■ EXTRACTED ENTRIES:

┄┄┄┄┄┄┄┄┄┄

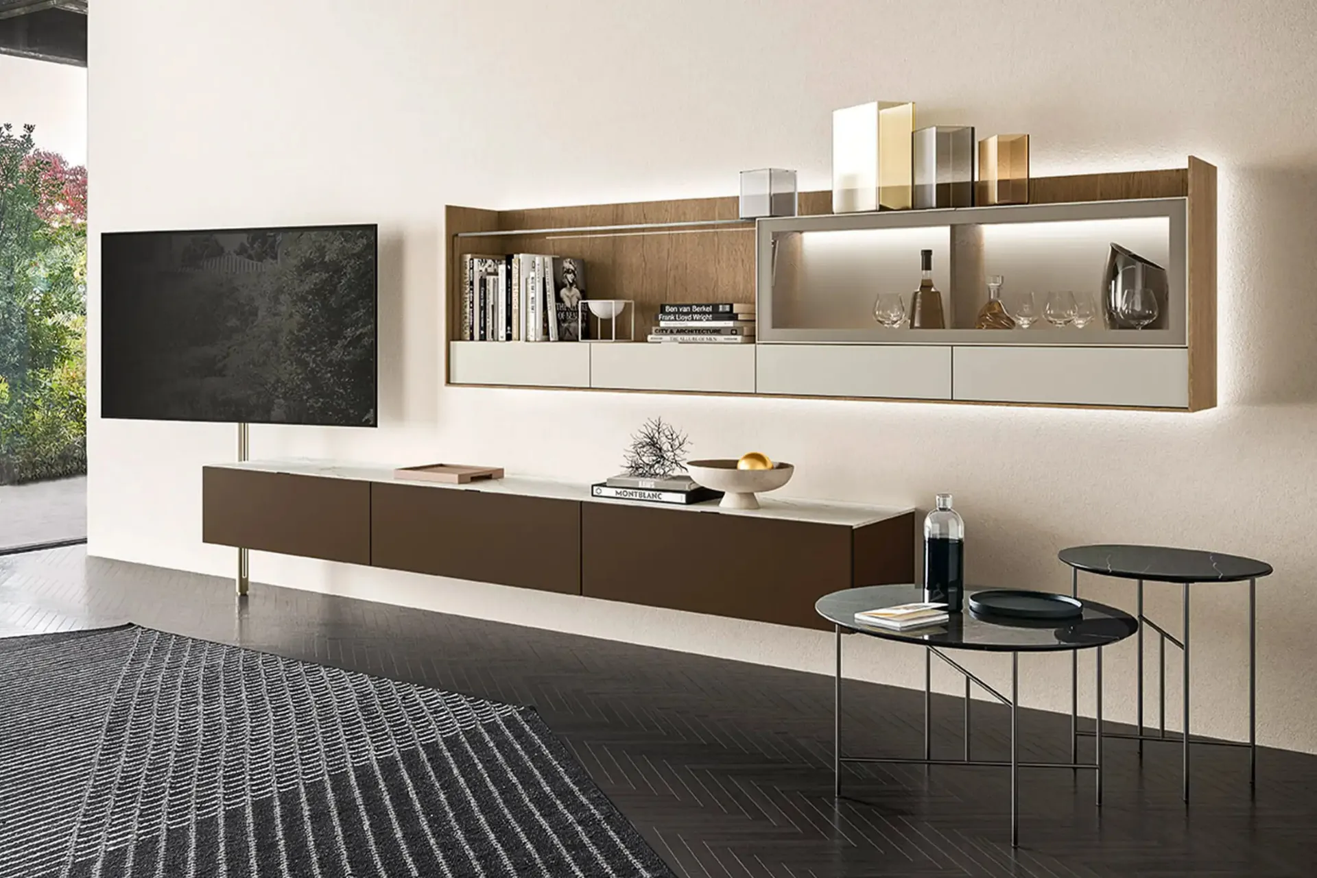 I mobili porta TV moderni, come il Tv Video Laccato, sono generalmente progettati con vani o passacavi integrati. Questo permette di organizzare decoder, console e soundbar in modo ordinato e discreto.
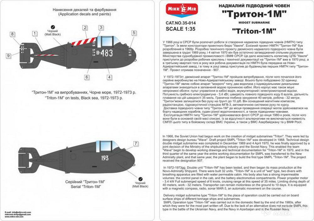 В 1966 году в СССР были начаты работы по созданию сверхмалых подводных лодок типа "Тритон". Их вели конструкторы проектного бюро "Волна". Эскизный проект СМПЛ "Тритон-1М" был разработан в 1968г. Разработка технического проекта двухместной сверхмалой подлодки была завершена в декабре 1969 года, и 4 апреля 1970 года он был окончательно утвержден совместным решением Министерства судостроительной промышленности и ВМФ СССР. Это дало возможность коллективу ЦПБ "Волна" приступить к разработке рабочих чертежей и технической документации на "Тритон-1М" уже в 1970 году, а в третьем квартале того же года вся рабочая документация по СМПЛ была передана на Ново-Адмиралтейский завод, и в том же году завод приступил к строительству первых СМПЛ типа "Тритон-1М". Проект получил обозначение 907.
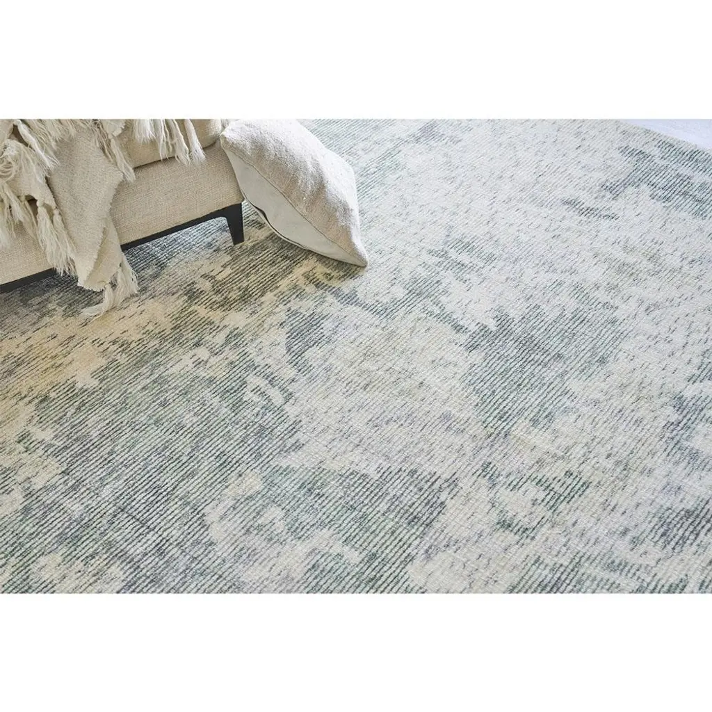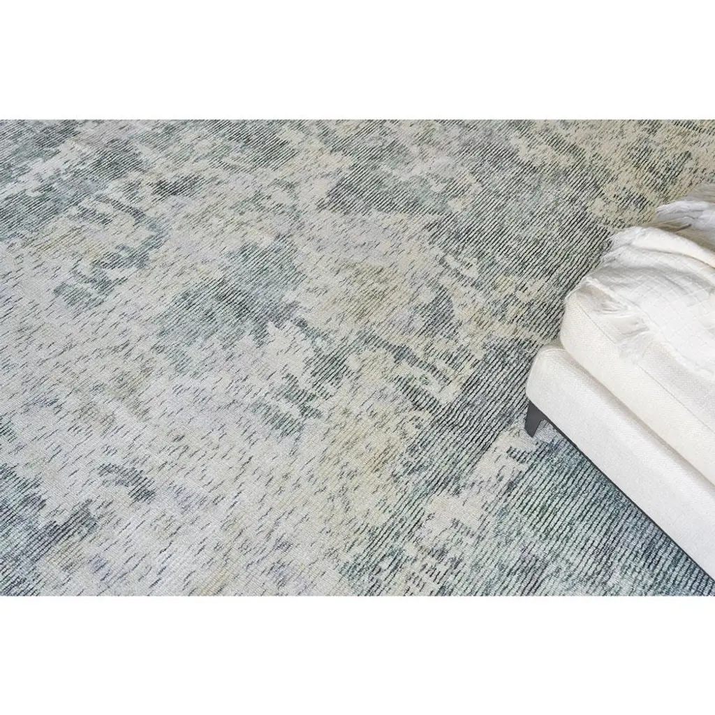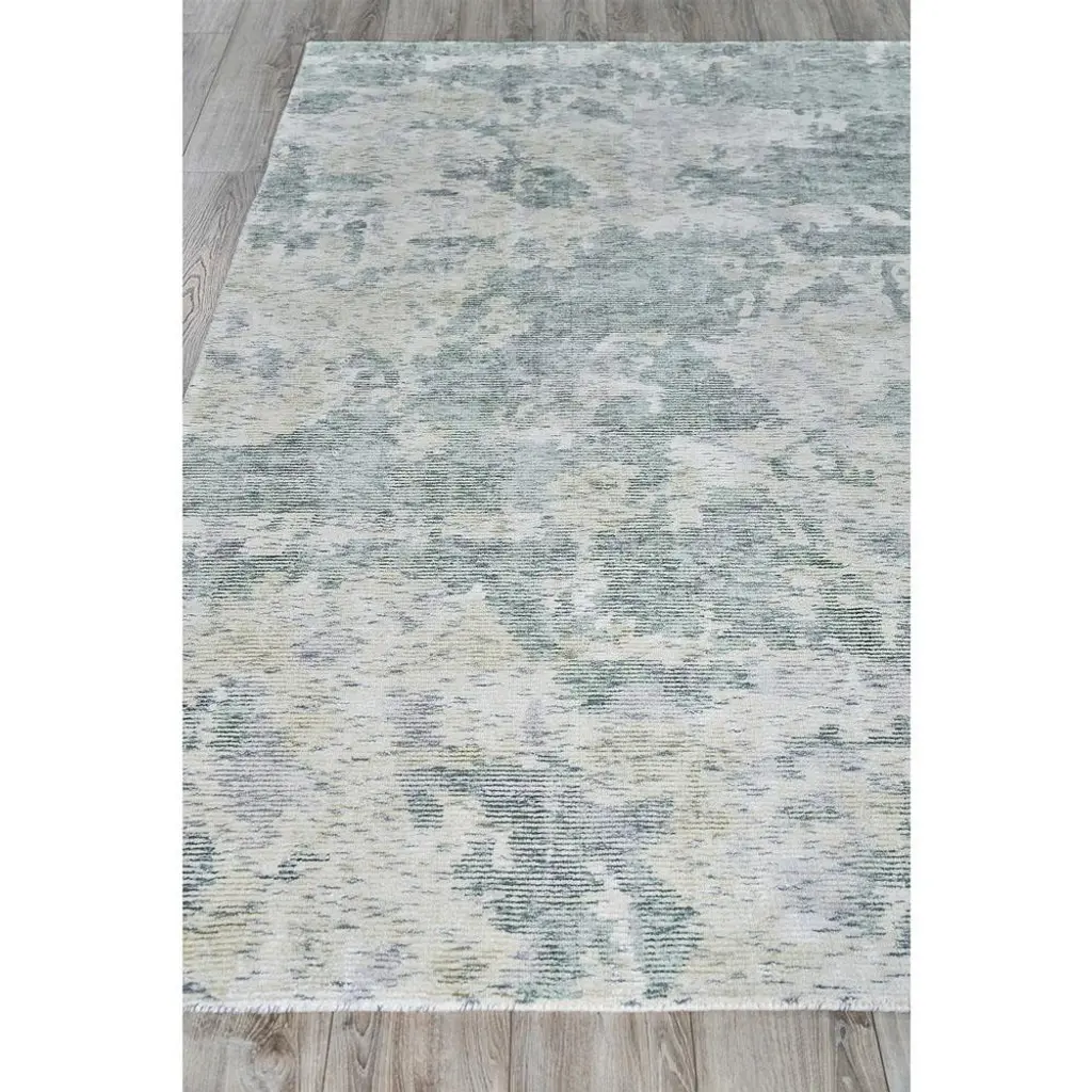 Rug swatch available! To order, choose SAMPLE in the size drop-down.Hand-loomed in India from a blend of wool and bamboo silk fibers, the 8'x10' Elijah rug is soft underfoot with a subtly lustrous appearance. An abstract pattern in shades of green evokes the look of a watercolor painting, refreshing any living space with an air of casual sophistication.
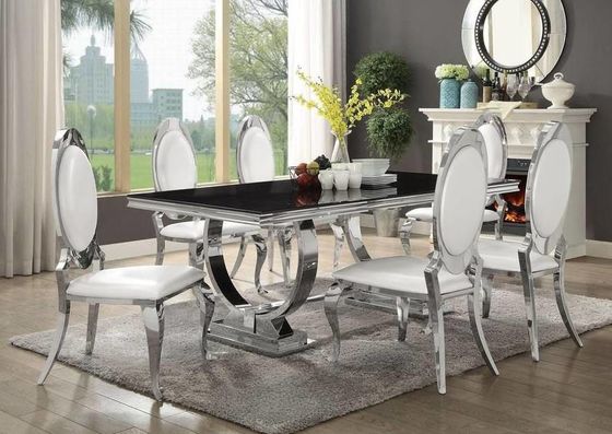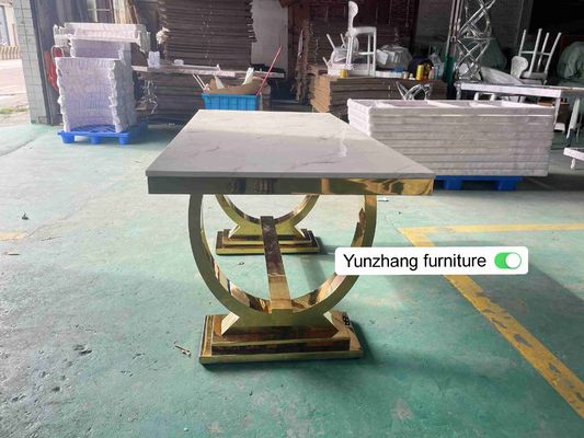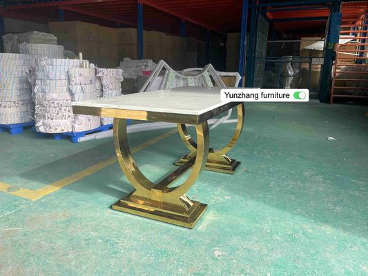 Mesa de comedor caliente del diseño de la venta con el top de mármol bajo de acero inoxidable del oro de plata
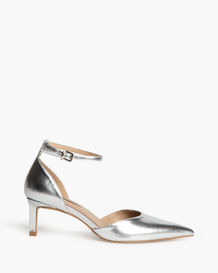 Salón de tacón medio. Cierre mediante hebilla en la pulsera del tobillo. Acabado en punta. Escote redondo, tacón fino.
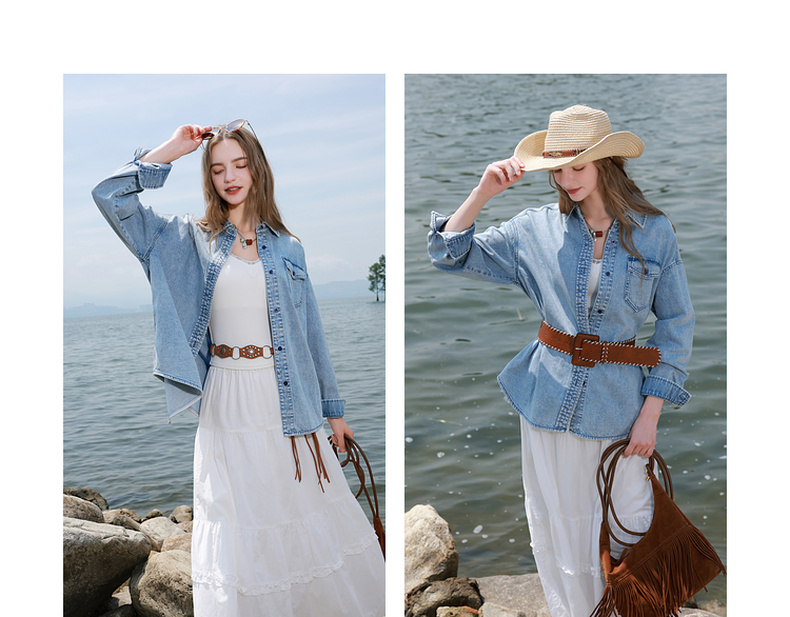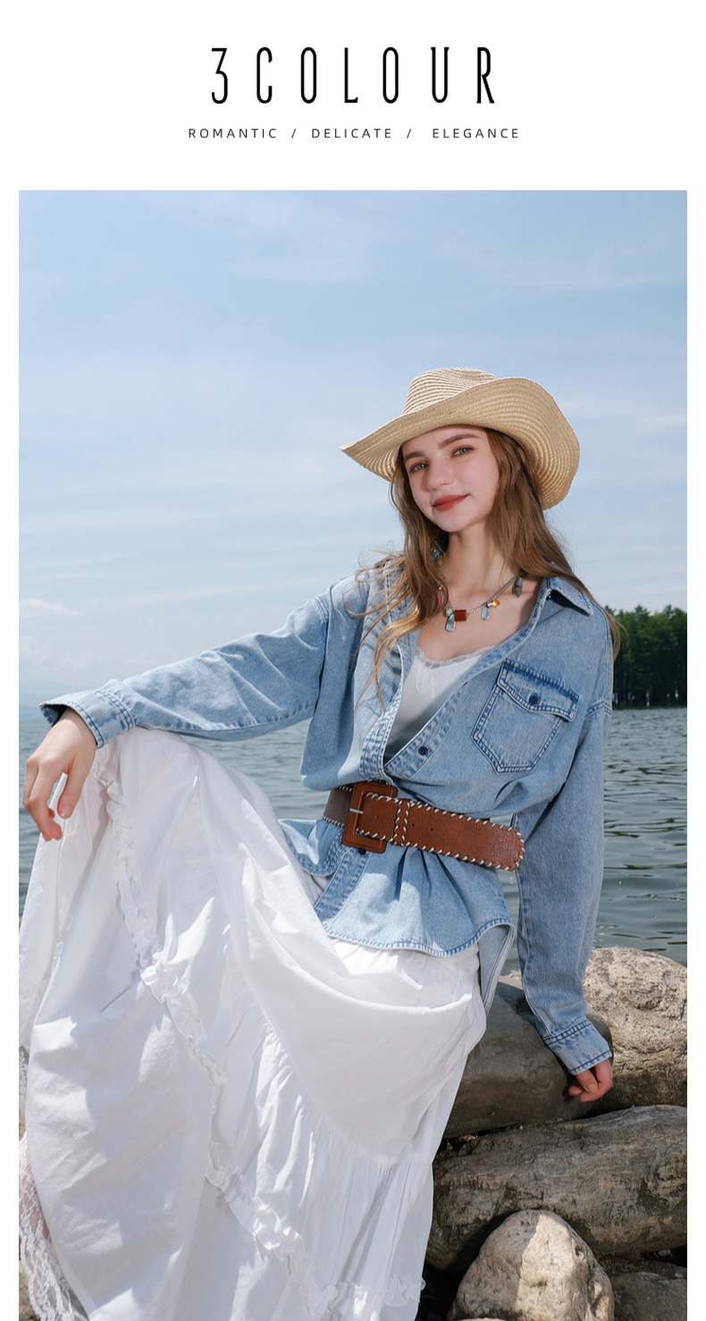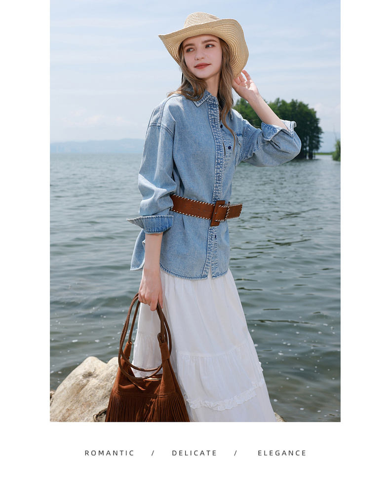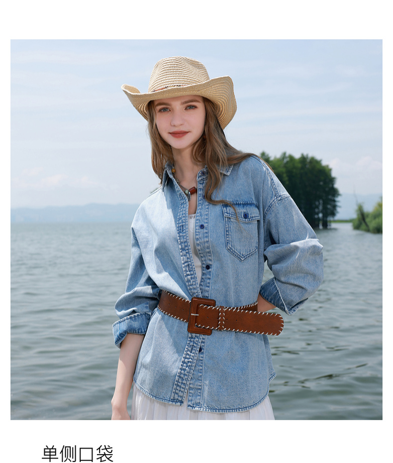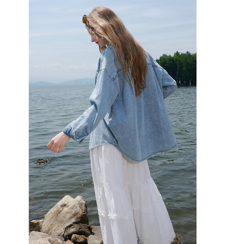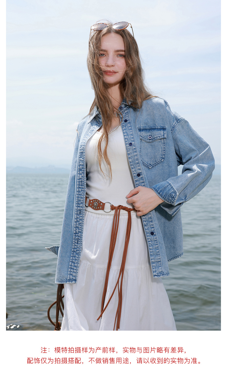三彩2025秋季新款复古水洗牛仔衬衫宽松中长长袖衬衣上衣M

┄┄┄┄┄┄┄┄┄┄

■ ASSIGNMENT: Copy exactly the lines that run from the line containing "Mesa de comedor" to the end of the data above, keeping both end lines and leaving out all pictures.

■ EXERCISE SOLUTION:
 Mesa de comedor caliente del diseño de la venta con el top de mármol bajo de acero inoxidable del oro de plata
 Salón de tacón medio. Cierre mediante hebilla en la pulsera del tobillo. Acabado en punta. Escote redondo, tacón fino.
三彩2025秋季新款复古水洗牛仔衬衫宽松中长长袖衬衣上衣M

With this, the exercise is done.